» **WHAT YOU NEED TO DO**:
Below are lines of data; restate word for word those running from the line containing "Депозиттердің түрі мен" to the line containing "<B>Nash, OK</B></I> - $5", inclusive, and no others.

» **INFORMATION GIVEN**:
● ● ●

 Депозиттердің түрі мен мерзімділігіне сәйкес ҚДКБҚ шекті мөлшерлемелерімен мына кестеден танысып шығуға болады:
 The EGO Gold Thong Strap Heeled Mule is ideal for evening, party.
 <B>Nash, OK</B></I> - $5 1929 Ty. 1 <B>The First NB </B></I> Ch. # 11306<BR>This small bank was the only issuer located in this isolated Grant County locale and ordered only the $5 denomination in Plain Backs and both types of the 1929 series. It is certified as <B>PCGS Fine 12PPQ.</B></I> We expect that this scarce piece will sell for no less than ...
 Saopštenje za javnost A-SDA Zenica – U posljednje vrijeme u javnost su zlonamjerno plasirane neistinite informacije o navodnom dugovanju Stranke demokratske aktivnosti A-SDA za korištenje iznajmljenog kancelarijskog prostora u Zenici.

● ● ●

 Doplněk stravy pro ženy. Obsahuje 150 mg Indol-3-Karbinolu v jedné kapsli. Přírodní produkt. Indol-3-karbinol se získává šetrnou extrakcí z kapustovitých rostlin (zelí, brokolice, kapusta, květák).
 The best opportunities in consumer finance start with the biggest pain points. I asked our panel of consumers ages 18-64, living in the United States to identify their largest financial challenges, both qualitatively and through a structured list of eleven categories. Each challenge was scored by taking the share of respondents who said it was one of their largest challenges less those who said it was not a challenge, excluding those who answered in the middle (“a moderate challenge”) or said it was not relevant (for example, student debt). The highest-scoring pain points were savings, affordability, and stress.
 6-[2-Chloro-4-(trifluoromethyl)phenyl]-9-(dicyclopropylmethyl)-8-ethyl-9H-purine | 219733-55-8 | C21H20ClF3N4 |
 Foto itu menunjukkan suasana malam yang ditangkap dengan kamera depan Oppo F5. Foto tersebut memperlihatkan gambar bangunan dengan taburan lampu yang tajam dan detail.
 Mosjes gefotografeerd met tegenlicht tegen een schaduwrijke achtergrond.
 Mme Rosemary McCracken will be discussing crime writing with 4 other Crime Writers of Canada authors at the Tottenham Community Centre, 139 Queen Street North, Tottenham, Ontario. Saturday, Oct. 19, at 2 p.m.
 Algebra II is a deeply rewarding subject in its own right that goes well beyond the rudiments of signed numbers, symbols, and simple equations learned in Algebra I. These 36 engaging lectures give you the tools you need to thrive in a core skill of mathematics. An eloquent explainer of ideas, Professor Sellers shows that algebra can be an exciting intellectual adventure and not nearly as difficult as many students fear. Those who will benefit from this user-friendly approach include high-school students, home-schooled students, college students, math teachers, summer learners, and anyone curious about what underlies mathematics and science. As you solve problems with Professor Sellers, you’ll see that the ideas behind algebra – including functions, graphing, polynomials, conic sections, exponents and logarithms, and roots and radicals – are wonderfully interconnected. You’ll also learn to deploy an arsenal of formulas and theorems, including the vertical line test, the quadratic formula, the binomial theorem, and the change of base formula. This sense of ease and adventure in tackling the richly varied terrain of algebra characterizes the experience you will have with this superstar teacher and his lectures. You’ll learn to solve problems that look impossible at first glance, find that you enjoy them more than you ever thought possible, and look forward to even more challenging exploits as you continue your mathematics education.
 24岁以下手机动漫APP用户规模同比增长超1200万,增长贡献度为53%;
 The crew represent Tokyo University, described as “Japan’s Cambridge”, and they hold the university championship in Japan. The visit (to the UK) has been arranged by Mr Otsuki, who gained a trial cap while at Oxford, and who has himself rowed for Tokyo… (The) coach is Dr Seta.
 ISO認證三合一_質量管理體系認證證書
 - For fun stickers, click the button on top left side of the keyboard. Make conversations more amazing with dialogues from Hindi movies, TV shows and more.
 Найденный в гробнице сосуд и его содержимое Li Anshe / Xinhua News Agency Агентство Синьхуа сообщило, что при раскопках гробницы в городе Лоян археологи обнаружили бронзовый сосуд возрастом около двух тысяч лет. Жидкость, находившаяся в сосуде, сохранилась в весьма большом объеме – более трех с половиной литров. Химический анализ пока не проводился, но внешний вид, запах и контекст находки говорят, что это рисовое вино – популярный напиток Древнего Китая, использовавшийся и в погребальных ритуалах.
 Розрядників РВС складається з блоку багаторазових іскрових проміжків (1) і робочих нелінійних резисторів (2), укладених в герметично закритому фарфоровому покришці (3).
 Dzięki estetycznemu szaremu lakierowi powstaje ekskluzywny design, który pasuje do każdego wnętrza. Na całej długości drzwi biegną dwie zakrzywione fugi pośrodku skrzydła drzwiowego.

● ● ●

» **ANSWER BOX**:
 Депозиттердің түрі мен мерзімділігіне сәйкес ҚДКБҚ шекті мөлшерлемелерімен мына кестеден танысып шығуға болады:
 The EGO Gold Thong Strap Heeled Mule is ideal for evening, party.
 <B>Nash, OK</B></I> - $5 1929 Ty. 1 <B>The First NB </B></I> Ch. # 11306<BR>This small bank was the only issuer located in this isolated Grant County locale and ordered only the $5 denomination in Plain Backs and both types of the 1929 series. It is certified as <B>PCGS Fine 12PPQ.</B></I> We expect that this scarce piece will sell for no less than ...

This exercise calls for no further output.